Um sentimento de vergonha me envolveu como bogotano quando soube o que ocorreu a Mario Vargas Llosa na Feira do Livro da cidade capital. O amplo auditório principal de Corferias estava cheio e o orador, um grande prêmio Nobel de Literatura, convidado de honra desse evento internacional, dialogava placidamente com o escritor Juan Gabriel Vásquez. De repente, um indivíduo saído da mesa o interrompeu e começou a esboçar um agressivo discurso “em nome da população oprimida” [1]. Em um momento, o espontâneo perguntou ao escritor peruano, em tom furioso, em que consistia sua relação com o ex-presidente Álvaro Uribe Vélez. Consciente de que se tratava de uma provocação, Vargas Llosa não lhe respondeu e fez, pelo contrário, uma alusão a uma de suas obras de 1984, na qual evoca episódios da fracassada revolta trotskista de seu país: “Parece um personagem saído de ‘Historia de Mayta’”.
Sem poder se conter, o energúmeno começou a rasgar as páginas do livro que tinha em suas mãos, visivelmente uma obra do prêmio Nobel peruano, antes de ser tirado do recinto pelo serviço de segurança. Para dar importância ao detestável ato, Mario Vargas Llosa disse, em meio aos aplausos do público: “Isto é o interessante destas reuniões, que podem resultar aborrecidas, para muitos, e de um país como a Colômbia onde há gente para tudo”, antes de tirar a principal conclusão do vivido nesse instante: “Começa-se rasgando livros e termina-se matando gente”.
Dias antes Mario Vargas Llosa havia viajado a Caracas. Lá teve a enorme coragem de expressar, nas barbas dos esbirros de Nicolás Maduro, sua solidariedade com o movimento juvenil que luta contra a tirania venezuelana e a ingerência cubana nesse país. O pigmeu que tratou de sabotar o grande escritor peruano em Bogotá, pode ter sido parte da resposta vingativa de Caracas contra o autor de “A cidade e os cães”. E não só disso, senão a faixa de lunáticos que querem na Colômbia, de qualquer maneira, mediante a violência mais extrema, a imposição do sistema político que levou ao desastre a Venezuela, Cuba e os países do chamado campo socialista.
Ao abrir a boca para indagar o que Vargas Llosa pensava de Álvaro Uribe Vélez, o homem revelou ser um dos que vêem no ex-presidente colombiano um enorme obstáculo para esses planos. Logo, o ocorrido em Corferias não pode ser analisado ingenuamente. Não foi o ato de uma pessoa “que sente aversão pelos livros”, como alguém insinuou em um texto que acabo de ler. O ocorrido ontem foi um ato político claro, uma mensagem de ódio e de brutalidade esquerdista, montado contra um grande intelectual latino-americano culpável por ser liberal.

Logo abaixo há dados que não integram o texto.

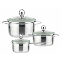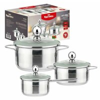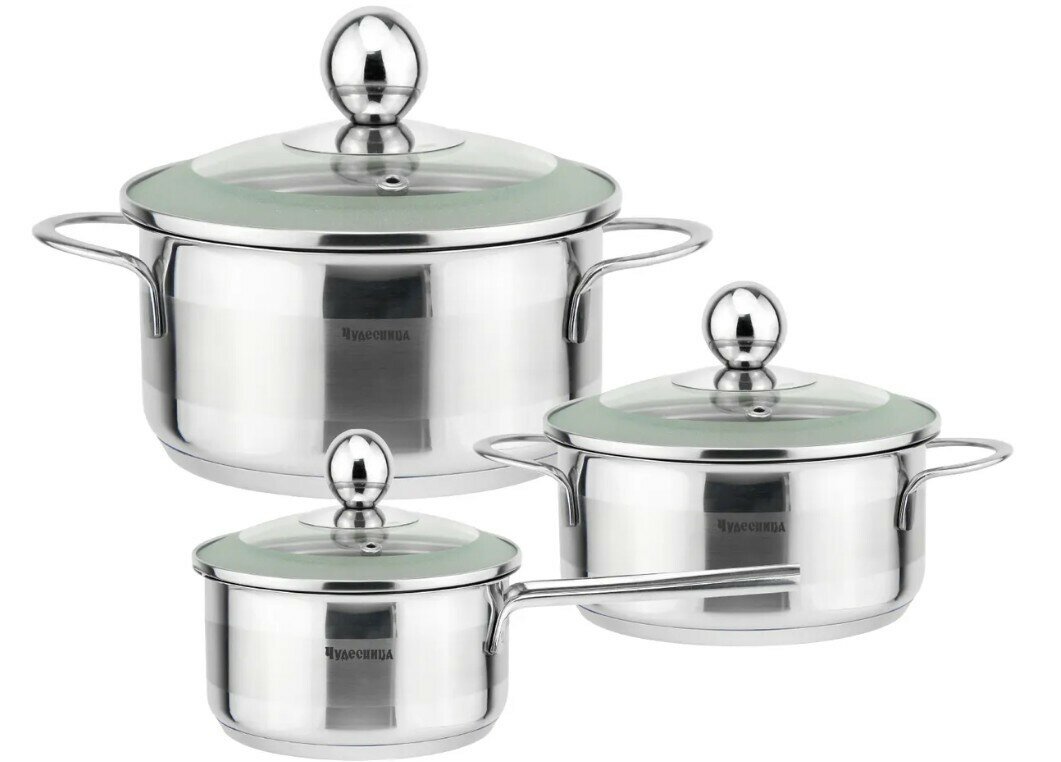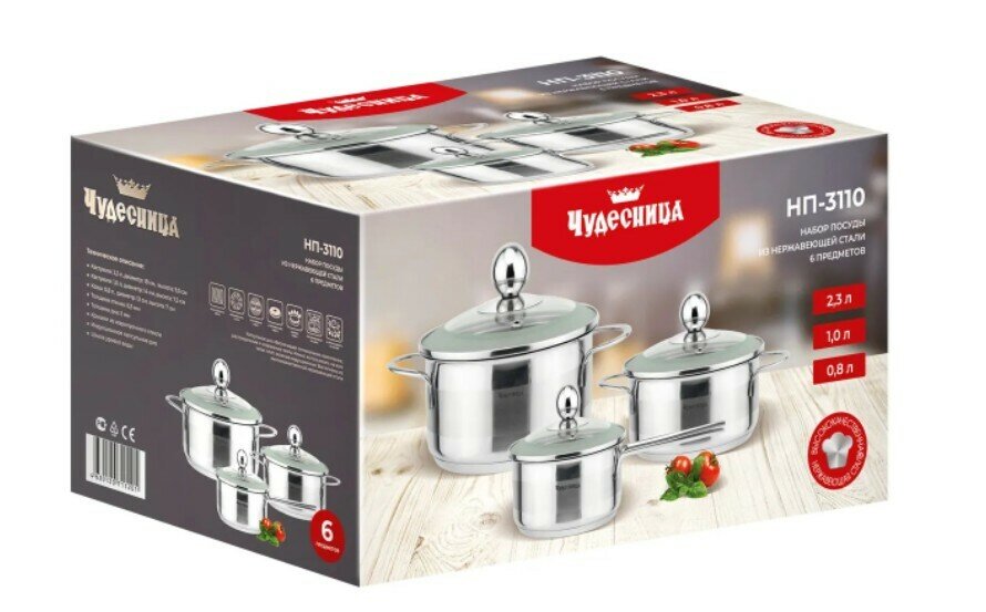 Набор посуды Чудесница НП-3110 включает в себя 2 кастрюли объемом 2.3 и 1 литра, и ковш объемом 0.8 литра. Кухонная утварь выполнена с использованием нержавеющей стали. Данный материал устойчив к появлению коррозийного налета, а также не подвержен утрате первозданного блеска на протяжении длительного времени. Все предметы, входящие в комплект Чудесница НП-3110, комплектуются крышками из закаленного стекла, на поверхности которого вы не отметите появление ни единого повреждения даже при постоянном воздействии высоких температурных значений. Специально предусмотренное отверстие способствует своевременному отводу пара, тем самым препятствуя выкипанию приготавливаемых соусов или первых блюд. Хозяйки по достоинству оценят наличие внутренней шкалы, позволяющей мгновенно наполнить посуду необходимым объемом жидкости.

Como não relacionar esse incidente com a diatribe desatada pelo falecimento no México de Gabriel García Márquez, outro grande gênio das letras, porém de militância castrista? Os que julgamos indigna de um grande homem sua convivência com a ditadura castrista sempre respeitamos o escritor. Ninguém rasgou um livro do prêmio Nobel colombiano com esse pretexto. As pessoas normais, liberais e conservadoras, de direita e de centro, não costumam queimar livros. Os que destroem livros acreditando que com isso demolirão as idéias são os fascistas e os comunistas.
As hordas de Hitler queimavam livros nas praças públicas. Lenin os havia precedido nisso. Sua ditadura começou expulsando milhares de filósofos, escritores, advogados e artistas. Lenin insistia: “Devemos exilar a todos. […] Vamos limpar a Rússia por um bom tempo…”. Depois veio a política de “esmagar a inteligência” com redadas massivas, fuzilamentos e processos fraudulentos. Com Stalin cresceu o terror contra a cultura e se multiplicaram as listas de livros, folhetos e fotos que deviam ser enviados à fogueira. As universidades soviéticas perderam toda a liberdade acadêmica. Centenas de cientistas foram presos, como Tupolev, o famoso inventor de aviões. Mao também empreendeu contra a cultura “burguesa” antes e durante a infame “revolução cultural”. No Camboja, os comunistas queimavam bibliotecas inteiras, enquanto massacravam a terça parte da população do país. Em todos os países, sem exceção, onde os comunistas chegaram ao poder, os livros, a arte, a cultura, a religião e a ciência foram perseguidas.
O que fez o frenético de Corferias se inscreve nessa tradição imunda: queimam ou destroem um livro, o objeto de cultura por excelência, para advertir que destruirão todo vestígio de cultura quando chegarem ao poder. Essa foi a visão que Vargas Llosa teve nesse instante e por isso disse o que disse. Essa foi a mensagem que o ativista que insultou Vargas Llosa lançou aos colombianos.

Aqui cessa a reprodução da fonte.